The space buckos (for this was the moment it became clear that was exactly what they were) sauntered down the gangplank of their commandeered vessel, holstering their smoking laser pistols and striding along in their outrageous pantaloons cinched at the knee. One of them was wearing a female nurse’s uniform. He was also wearing a fiercely unkempt beard that fell black and braided down to his nipples, which were exposed and pierced with sturdy, silver rings. He laughed so loud and heartily, so very deeply, that I could feel the vibrations traveling through the floor beneath my feet. But then I realized this sensation came not from the nurse/pirate’s booming laughter, but from the inner airlock, which began to close, clamping down on my thumb and forefinger, reducing my good right hand to maimed uselessness. Fortunately, in the very least, my middle finger remains, which I now employ in routine bitterness, thrusting it toward the cold, black cosmos.
The pain was like nothing I had ever felt. A pain I assumed at the time would never be matched or surpassed should I live the long life of a red dwarf star. The pirates laughed at me, which was salt in the wound, sure enough. But then, to my absolute shock and unthinkable dismay, my lover laughed at me, too.

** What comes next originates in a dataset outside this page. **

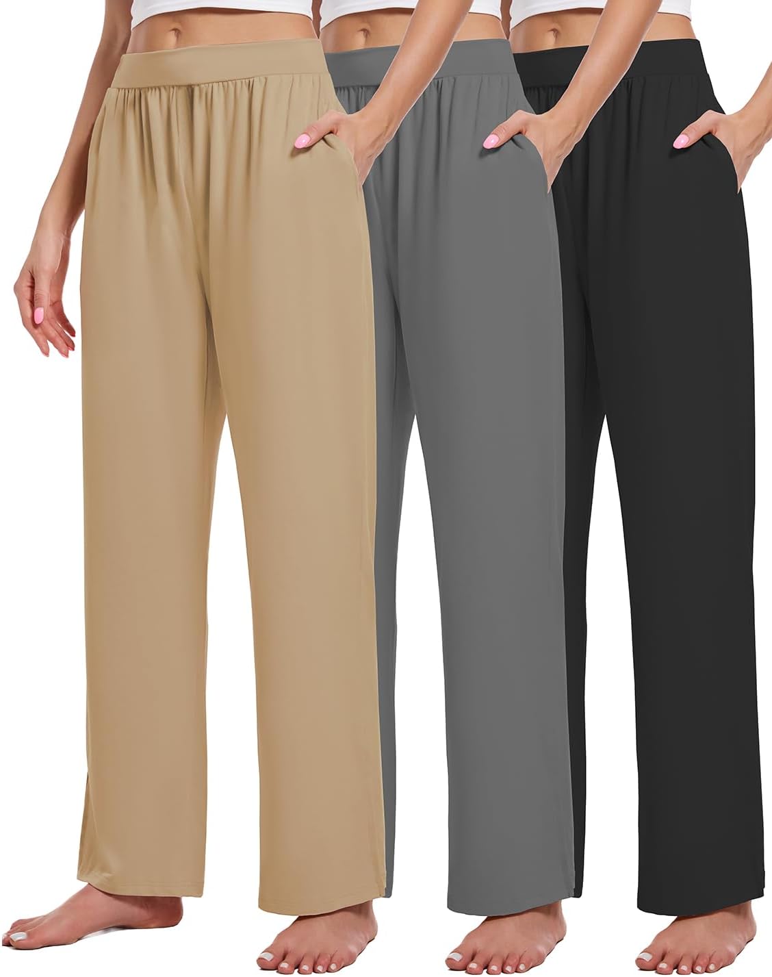 3 Pack Women's Lounge Pants Cozy Wide Leg Lounge Pants with Pockets Loose Flowy Yoga Sweatpants Workout Comfy Jogger

My lover’s laugh was deep and throaty, very sexy. But she laughed at me, which made her seem ugly. She pointed at my disfigured hand, two-fifths obliterated, 40 percent useless— with her long, graceful fingers. She pointed at me with the finger that bore the ruby ring I bought for her when I became commander. She laughed so hard and merrily that the pearl necklace she wore —the same one I got her when I ascended to captaincy— bounced off of her moon-white breasts like an astronaut leaping in low gravity.
My heart was torn asunder, bleeding from its ruptured core. This was a new kind of pain—suffering on a galactic scale.
The astral pirates beat me soundly. They mocked my captain’s status, saluting me after each kick to the ribs. They shot any man or woman who came through the door, dismembering my crew with their laser swords. I wept, calling out my lover’s name, Pearl! but her only answer was more laughter.
The space raiders hit me across the head hard enough that I saw stars. Outside the fused silica window above me, I saw stars. I saw stars on my underpants, which were pried off my legs and waved around among uproarious guffaws.
The star bucko’s took my dignity that day. They took my lover, too. They took her long and hard, but as they did, she never stopped smiling. Amid the lewd ministrations and unwieldy positions that each of them partook of to suit their sinful pleasures, my lover’s necklace snapped at the chain, a mélange of pearls scattering among the tangle of tattooed limbs and sweaty genitals like so many stars dispersed across the cold cosmos.
They did not come to plunder our ship. The pirates came to take back what was already theirs.
Hand in hand with the most handsome of the cut-throats, I watched my lover’s backside ascend up the gangplank. She did not turn around to see me crying, my mutilated hand hiding my face that wept with authentic grief. She did not see me, nor would she. Never again.
The pirates left the way they had come, riding out into the fathomless void on a stolen vessel. I watched their ship grow smaller, a sliver of refracted light. In the last moment before it fully faded to black, it twinkled, like a pearl resting on a slick puddle of oil.
Among the innumerable stars, there were only three—three men adrift in the endless void. Three men came aboard my ship and took my true love from me.